An exact restatement of the data is required, with the images omitted.

Start of Source material

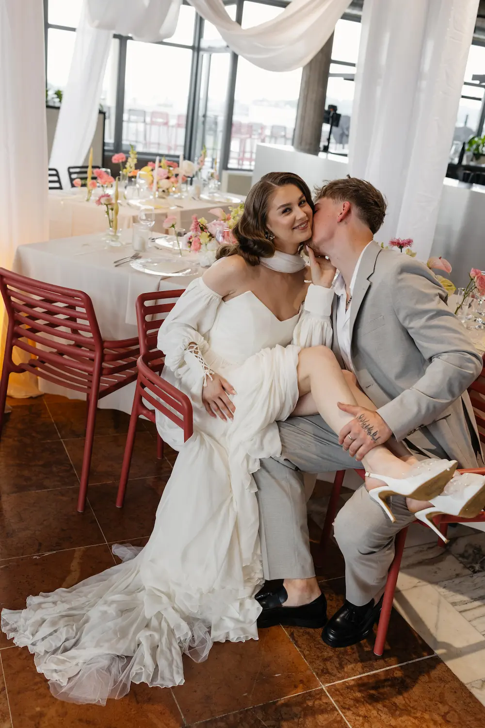 - Sceneria dnia: ślub na tarasie z widokiem, otwierający się na panoramę miasta; dekoracje i aranżacje dopasowane do świeżego, angielskiego vibe’u z nutą boho.
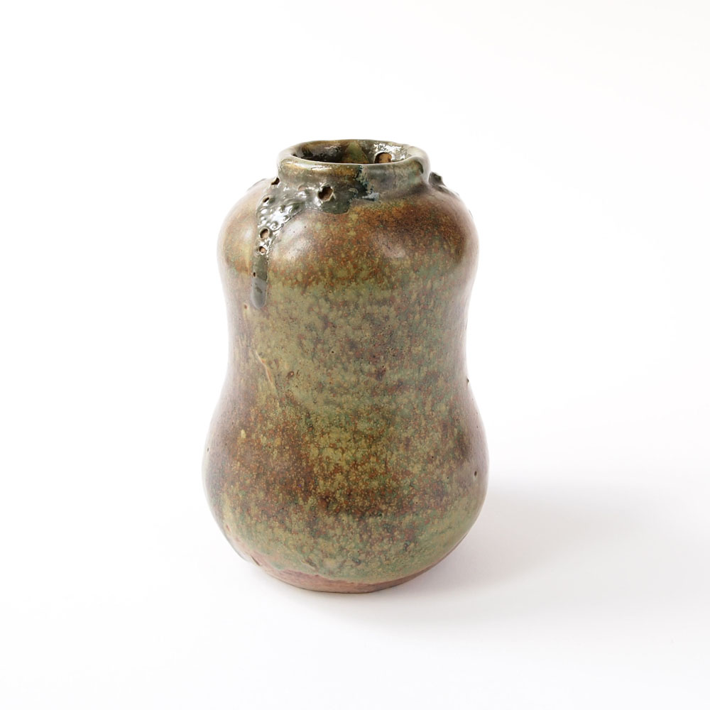 Superficie: marrón, vidriado verde con desbordamiento de vidrio verde oscuro
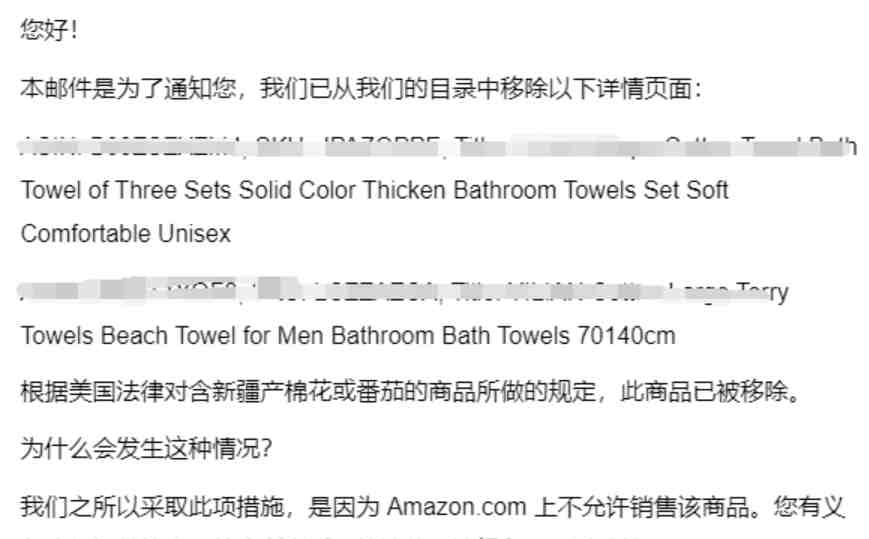 截图邮件显示:根据美国法律对含新疆棉花或番茄的商品所做的规定,此商品已被移除。我们之所以采取此项措施,是因为亚马逊上不允许销售该商品。
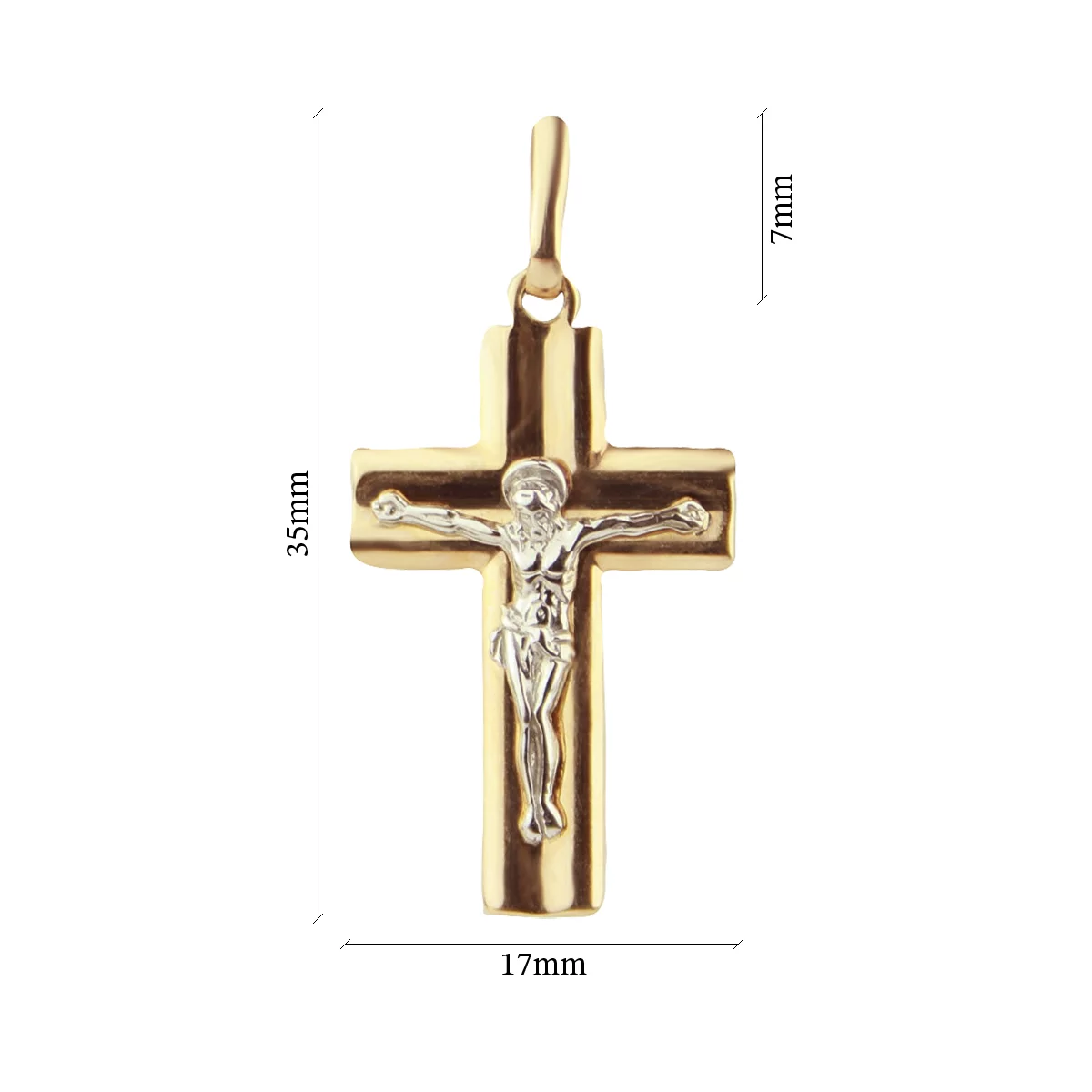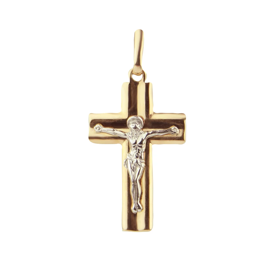 Стильний хрестик із комбінованого золота пасуватиме чоловікам, дітям і жінкам. Ювелірний виріб унісекс виготовлено з металів 585 проби. Відсоток вмісту золота в них – 58,5, решта припадає на лігатурні елементи. Грані хрестика увігнуті всередину, це візуально надає йому об'єму. Коштовність виконана в класичному стилі з нотками мінімалізму. Церковна підвіска органічно поєднується зі стриманими ланцюжками. Можна підібрати з якірним плетінням. Це чудовий варіант подарунка для дорогої людини до важливої події, наприклад, до дня народження.
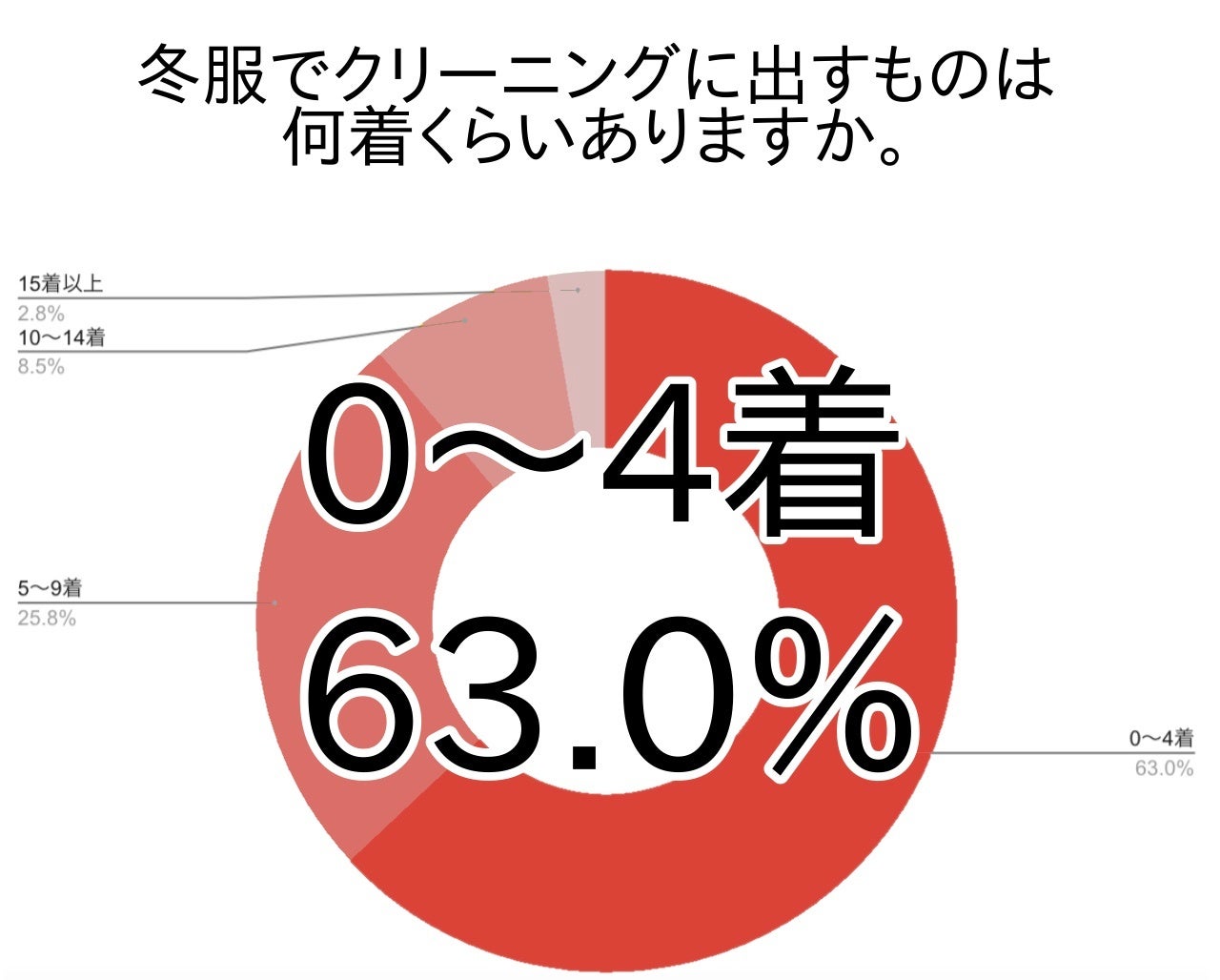 冬服は大きいもの・厚いもの・自宅で洗えないものが多い傾向にありますが、クリーニングに出すのは何着程度の方が多いのでしょうか。アンケート回答者にクリーニングを利用する着数を尋ねてみました。
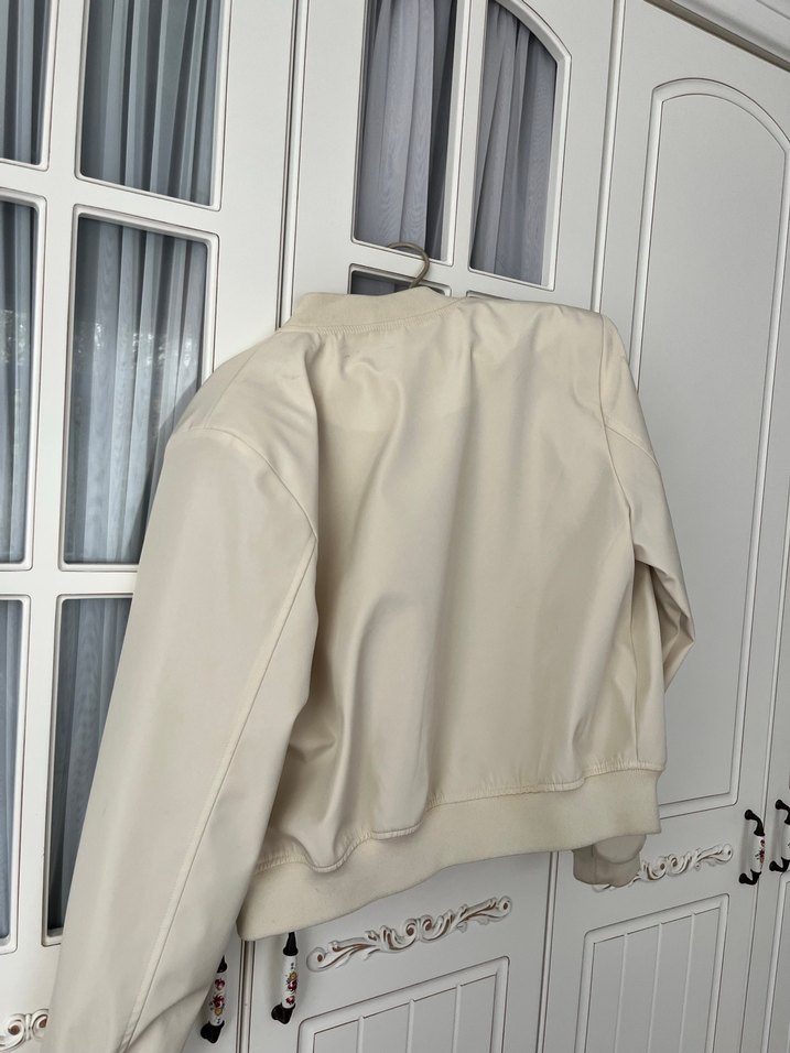 Düğmeli beyaz kadın ceket, yuvarlak yaka ve uzun kolludur. Sentetik kumaştan, bol kesim ve midi boyda, minimalist sokak tarzına uygundur. Günlük kullanıma idealdir.
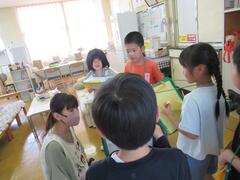 今日は、あいにくの雨でした。1年生は、中間休みに椅子取りゲームをしていました。また、図工では、「チョキチョキかざり」を作りました。七夕に向けて楽しみですね。
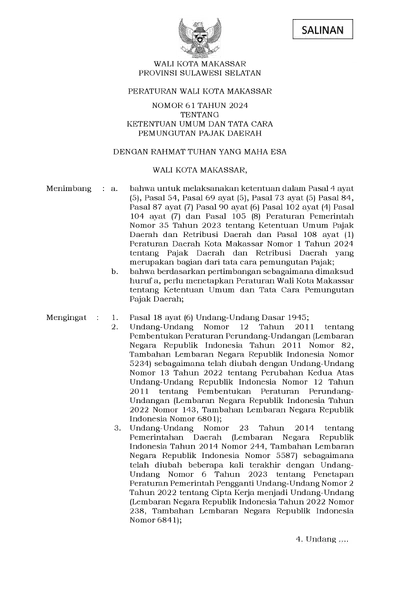 Peraturan Walikota Makassar Nomor 61 Tahun 2024 Tentang Ketentuan Umum Dan Tata Cara Pemungutan Pajak Daerah
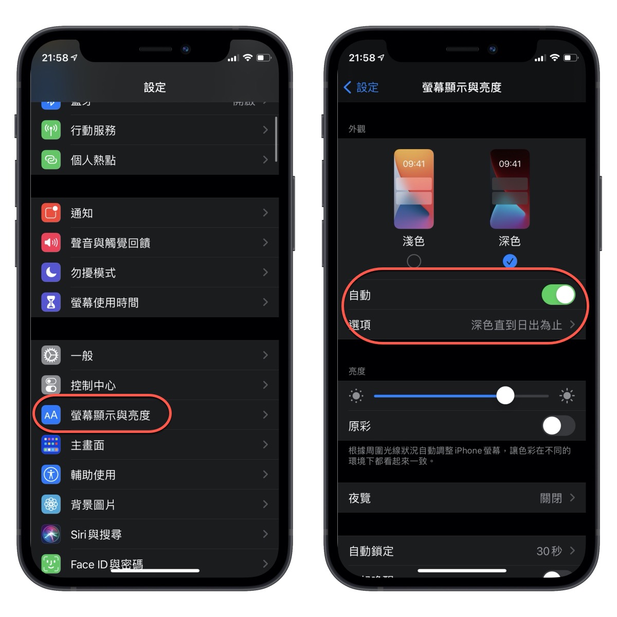 iPhone 的部份可以在「設定」>「螢幕顯示與亮度」,勾選自動,下面可以自行設定時間或是依他預設即可,快去試看看吧,讓眼睛舒服些。
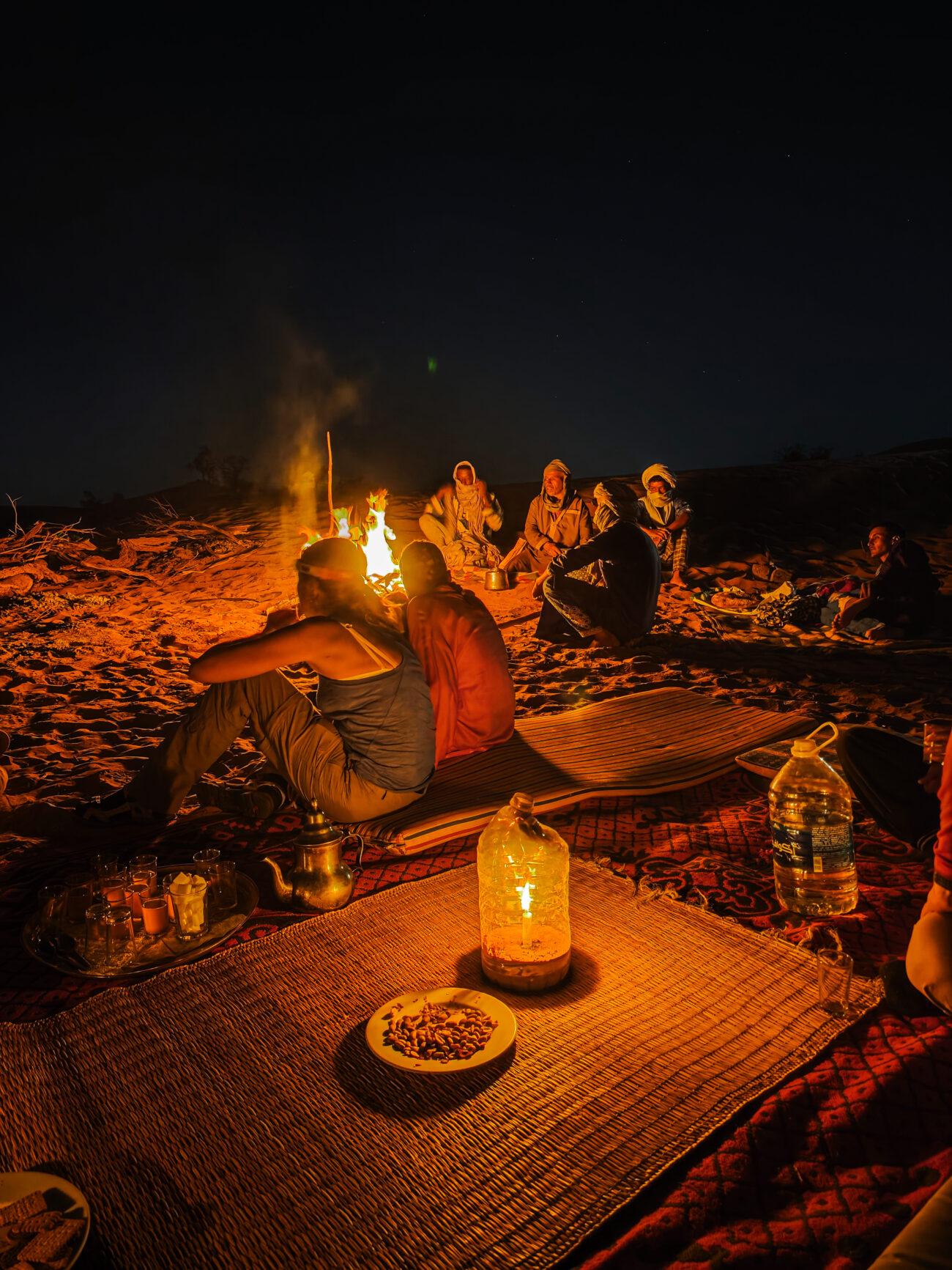 Au son des chants berbères, certains s’endorment à la belle étoile, d’autres sous la grande tente. La nuit est plus fraîche : les duvets chauds sont de rigueur.

End of Source material

▸ Worked solution:
 - Sceneria dnia: ślub na tarasie z widokiem, otwierający się na panoramę miasta; dekoracje i aranżacje dopasowane do świeżego, angielskiego vibe’u z nutą boho.
 Superficie: marrón, vidriado verde con desbordamiento de vidrio verde oscuro
 截图邮件显示:根据美国法律对含新疆棉花或番茄的商品所做的规定,此商品已被移除。我们之所以采取此项措施,是因为亚马逊上不允许销售该商品。
 Стильний хрестик із комбінованого золота пасуватиме чоловікам, дітям і жінкам. Ювелірний виріб унісекс виготовлено з металів 585 проби. Відсоток вмісту золота в них – 58,5, решта припадає на лігатурні елементи. Грані хрестика увігнуті всередину, це візуально надає йому об'єму. Коштовність виконана в класичному стилі з нотками мінімалізму. Церковна підвіска органічно поєднується зі стриманими ланцюжками. Можна підібрати з якірним плетінням. Це чудовий варіант подарунка для дорогої людини до важливої події, наприклад, до дня народження.
 冬服は大きいもの・厚いもの・自宅で洗えないものが多い傾向にありますが、クリーニングに出すのは何着程度の方が多いのでしょうか。アンケート回答者にクリーニングを利用する着数を尋ねてみました。
 Düğmeli beyaz kadın ceket, yuvarlak yaka ve uzun kolludur. Sentetik kumaştan, bol kesim ve midi boyda, minimalist sokak tarzına uygundur. Günlük kullanıma idealdir.
 今日は、あいにくの雨でした。1年生は、中間休みに椅子取りゲームをしていました。また、図工では、「チョキチョキかざり」を作りました。七夕に向けて楽しみですね。
 Peraturan Walikota Makassar Nomor 61 Tahun 2024 Tentang Ketentuan Umum Dan Tata Cara Pemungutan Pajak Daerah
 iPhone 的部份可以在「設定」>「螢幕顯示與亮度」,勾選自動,下面可以自行設定時間或是依他預設即可,快去試看看吧,讓眼睛舒服些。
 Au son des chants berbères, certains s’endorment à la belle étoile, d’autres sous la grande tente. La nuit est plus fraîche : les duvets chauds sont de rigueur.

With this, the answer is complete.